Data Block Start
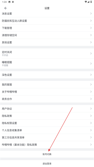 3、進(jìn)入設(shè)置的界面內(nèi),點擊下方賬號切換的功能按鈕。
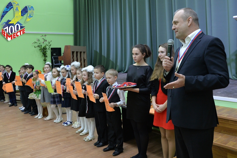 – Ваши успехи в учебе – это лучший подарок Мурманску в год его столетия, – обратился Андрей Сысоев к героям торжества. – Уже сейчас можно посчитать, что за время проведения акции ученики школы получили более 24 тысяч пятерок, уверен, эта цифра будет расти.
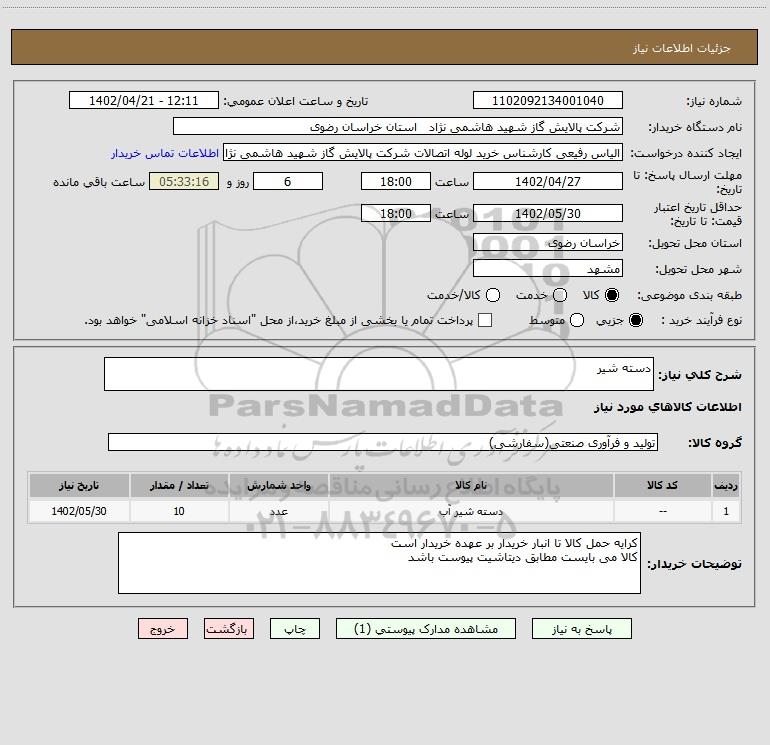 نام دستگاه خریدار:شرکت پالایش گاز شهید هاشمی نژاد استان خراسان رضوی
Data Block End
== Try it ==
What this calls for is a word-for-word copy of the listing above, pictures excluded.

== Task response ==
 3、進(jìn)入設(shè)置的界面內(nèi),點擊下方賬號切換的功能按鈕。
 – Ваши успехи в учебе – это лучший подарок Мурманску в год его столетия, – обратился Андрей Сысоев к героям торжества. – Уже сейчас можно посчитать, что за время проведения акции ученики школы получили более 24 тысяч пятерок, уверен, эта цифра будет расти.
 نام دستگاه خریدار:شرکت پالایش گاز شهید هاشمی نژاد استان خراسان رضوی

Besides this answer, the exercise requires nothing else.